А Бенвенуто все не появлялся. Порой мессер Робер успокаивался, убеждая себя, что ваятель лучше владеет языком, чем шпагой, и никогда не посмеет осуществить свое гнусное намерение. В одну из таких минут Коломба, выйдя случайно из своей комнаты, увидела приготовления к схватке и спросила отца, что все это означает.
– Собираюсь наказать одного шалопая, вот и все, – отвечал прево.
Наказывать господину прево полагалось, поэтому Коломба даже не спросила, кто же этот шалопай, для наказания которого велись такие приготовления, – она так была занята своими мыслями, что удовольствовалась этим объяснением.
И действительно, недавнее решение мессера Робера внесло глубокие и печальные изменения в жизнь его дочери. До сих пор она жила безмятежно, скромно, уединенно. Тихо и беззаботно проводила она дни, спокойно спала по ночам. А теперь ее жизнь можно было сравнить с озерцом, взбаламученным бурей.

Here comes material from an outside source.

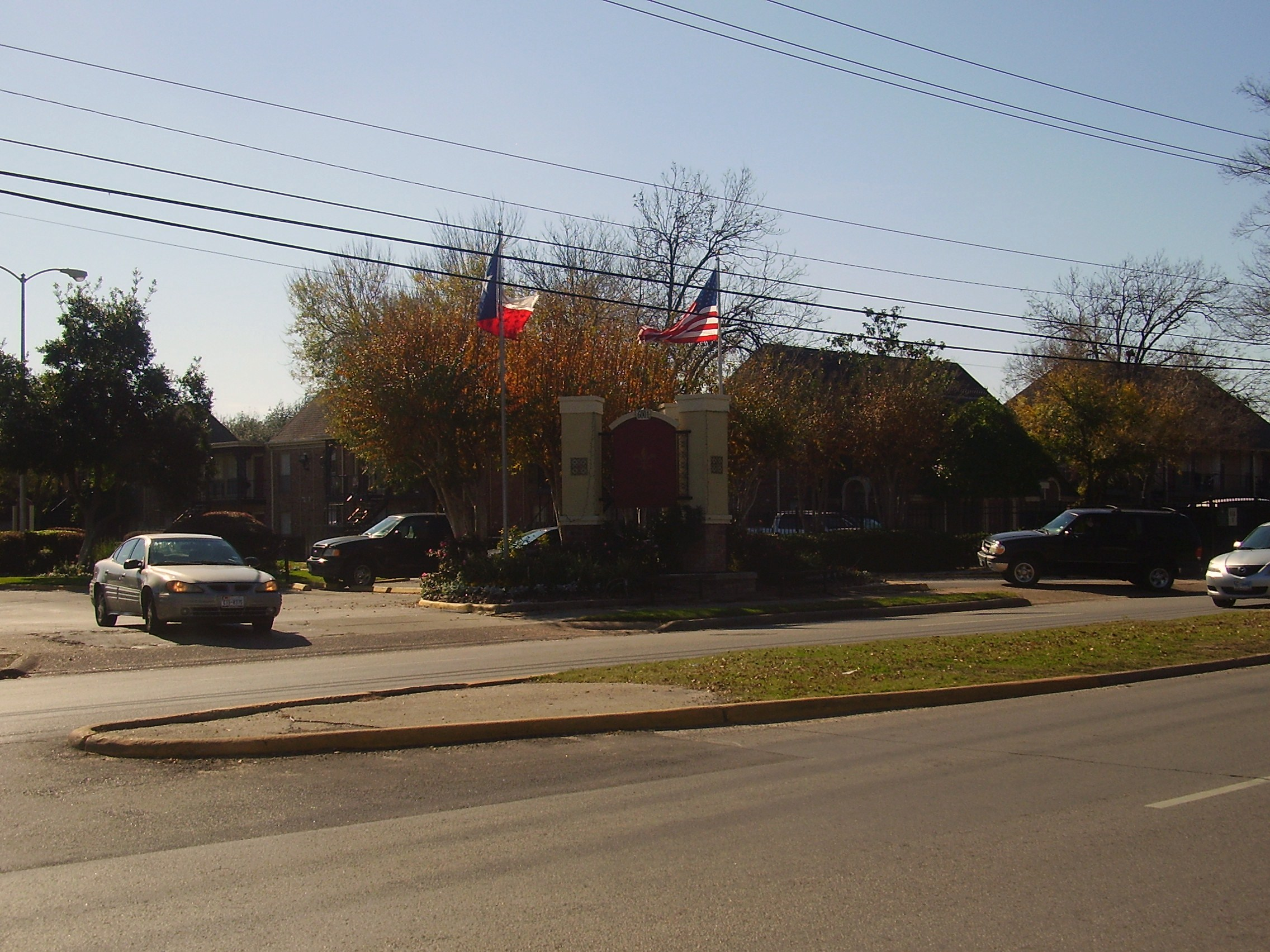 Main entrance of Napoleon Square Apartments - 6001 Gulfton Dr, Houston, Texas 77081

О, как сожалела девушка о той поре неведения и спокойствия, когда она довольствовалась дружбой с грубоватой,но заботливой госпожой Перриной и была почти счастлива, о той поре, когда она надеялась и верила, когда она уповала на будущее,как уповают на друга,и, наконец,о той поре дочерней доверчивости, когда она полагалась на чувства отца! Увы! Будущее стало настоящим: появился граф д'Орбек, который ей так противен; любовь отца оказалась замаскированным честолюбием. Отчего она родилась единственной наследницей богатого вельможи, а не дочкой какого-нибудь скромного обывателя из предместья, который о ней заботился бы, лелеял бы ее? Ведь тогда она могла бы встречаться с молодым художником, взволнованные речи которого ее пленили, с красавцем Асканио, взгляд которого сулил столько счастья, столько любви…

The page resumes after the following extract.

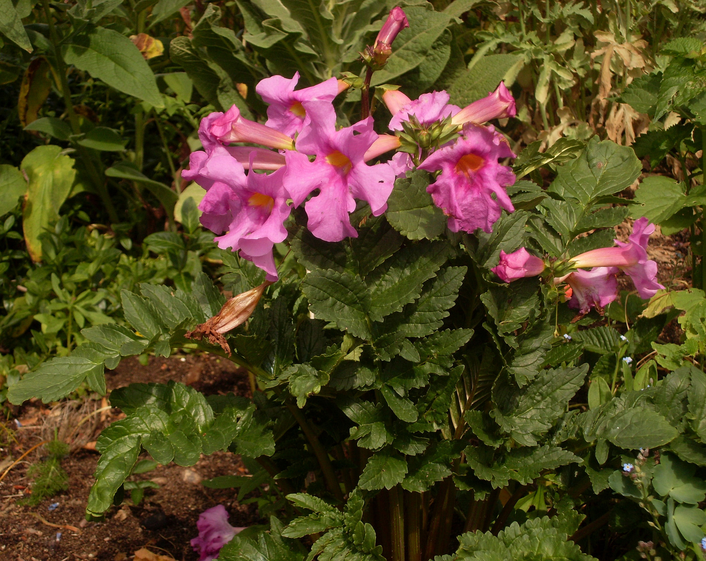 Incarvillea delavayi - picture taken i southern Sweden

Но, когда учащенное биение сердца, когда румянец, заливавший щеки, предупреждали Коломбу, что образ чужеземца уже давно занимает ее мысли, она всякий раз с твердостью обещала себе изгнать сладостные грезы, и это ей удавалось, ибо она понимала, как безотрадна действительность. Впрочем, с той поры, как отец объявил Коломбе о своем решении выдать ее замуж, она строго-настрого запретила госпоже Перрине принимать Асканио, под каким бы предлогом он ни явился, пригрозив иначе все рассказать отцу. И дуэнья из боязни, что ее обвинят в сговоре с Асканио, умолчала о дерзких планах его учителя, поэтому бедная Коломба вообразила, что она защищена от всяких случайностей.
Однако не следует думать, что кроткая девушка решила принести себя в жертву и покориться отцовской воле. Нет, все ее существо восставало при мысли о браке с человеком, которого она возненавидела бы, если бы ей ведомо было чувство ненависти. Итак, под прекрасным белоснежным челом Коломбы теснилось множество мыслей, совершенно чуждых ей прежде, мятежных, негодующих мыслей, которые она считала чуть ли не преступными и на коленях вымаливала прощение за них у господа бога. Порой она даже думала пойти к Франциску I, броситься к его ногам. Но и до нее дошли слухи, которые передавались шепотом, о том, что при обстоятельствах еще более ужасных такая же мысль осенила Диану де Пуатье¹ и что за свой поступок она поплатилась честью. Госпожа д'Этамп могла бы оказать покровительство Коломбе, спасти ее, если бы захотела. Но захочет ли она? Не усмехнется ли в ответ на жалобы девушки? Такую презрительную, насмешливую усмешку она уже видела на губах своего отца, когда умоляла его не разлучаться с ней, и эта усмешка причинила девушке много душевных страданий.
[¹Диана де Пуатье– знаменитая в свое время придворная красавица, фаворитка сына Франциска I, впоследствии французского короля Генриха II; по преданию, бросилась к ногам Франциска I и вымолила помилование для своего отца, приговоренного к смерти за политические интриги.] Коломба сто раз на дню преклоняла колени, творя молитву и заклиная всевышнего помочь ей, послать избавление за эти три месяца, оставшиеся до бракосочетания с ненавистным женихом; а если уж это невозможно, позволить ей соединиться с матерью.